Nun wollte ich zu Hause mal ein kleines Projekt starten. Ich habe folgendes Vorhaben:

Server (Jboss) stellt einige Webservices bereit : z.B. Anlegen von Benutzern

Ausserdem läuft sämtliche Logik auf dem Server. Ich habe mit dazu mit Java FX bereits eine GUI programmiert und benötige nun die Webservices. 

Die eigentliche Logik auf dem Server ist ebenfalls bereits implementiert. Allerdings weiß ich nicht wie ich es jetzt richtig umsetzte. Ich hätte gern Soap-Webservices. Zudem weiß ich nicht genau wie ich mir am besten auf dem Jboss die Datenbankverbindung aufbaue.

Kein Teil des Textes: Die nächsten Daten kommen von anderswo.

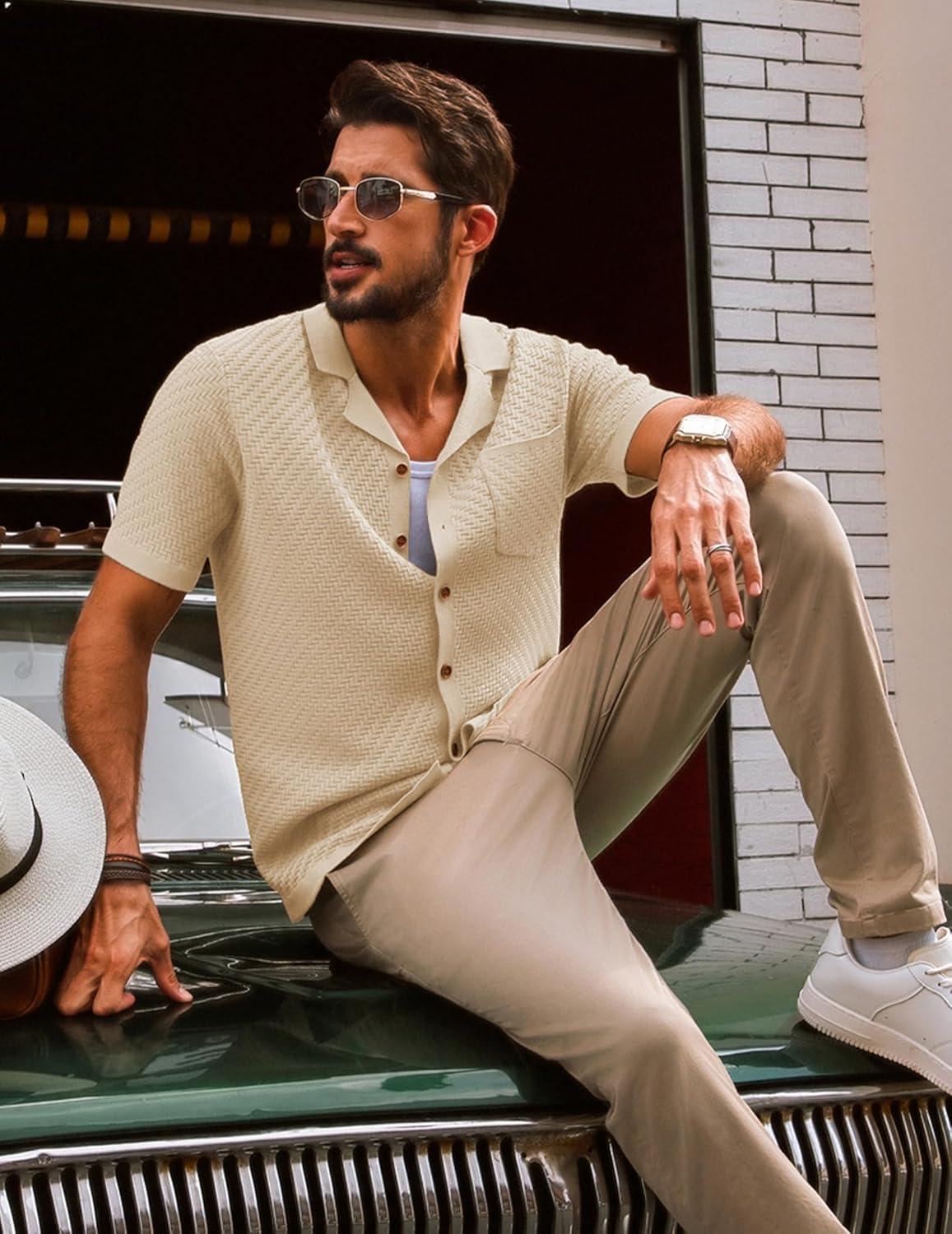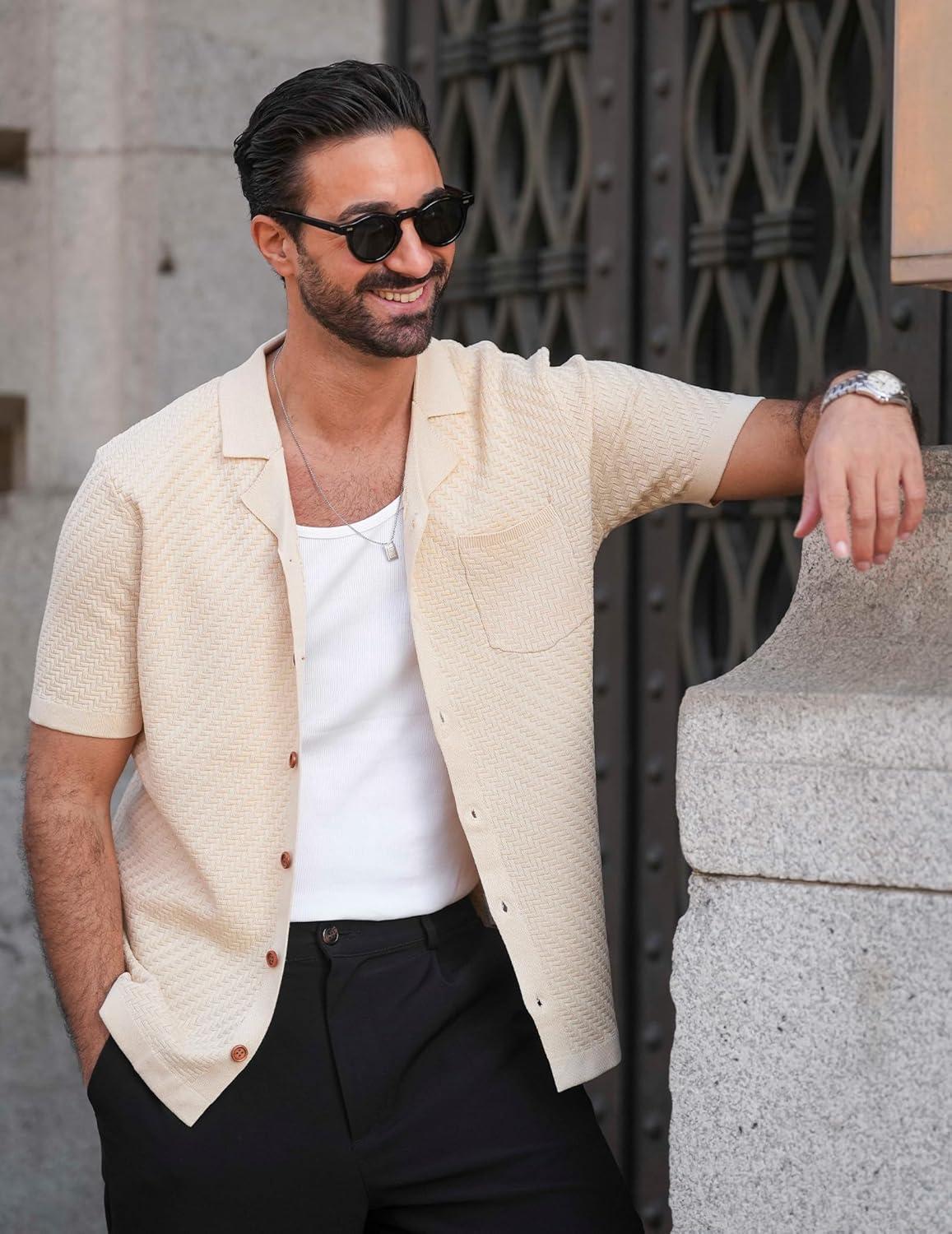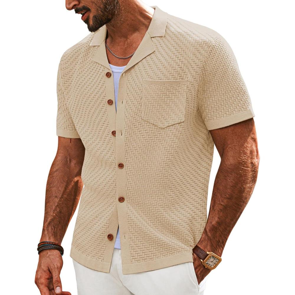 PJ PAUL JONES Mens Knit Shirts Vintage Retro Short Sleeve Button Down Vacation Polo Shirts(Light Apricot37)

Vielleicht hat jemand für solch ein Vorhaben ein kleines Tutorial um mir ein wenig auf die Sprünge zu helfen.


----------



## RoNa (13. Aug 2014)

Hallo,

für Services würde ich Dir ResT Representational State Transfer empfehlen. Gutes Tutorial: RESTful Web Services mit JAX-RS und Jersey

Die Datenbank Konfiguration unter JBoss scheint auch einfach zu sein: Chapter 8. Using other Databases

Viel Spass,
Robert


----------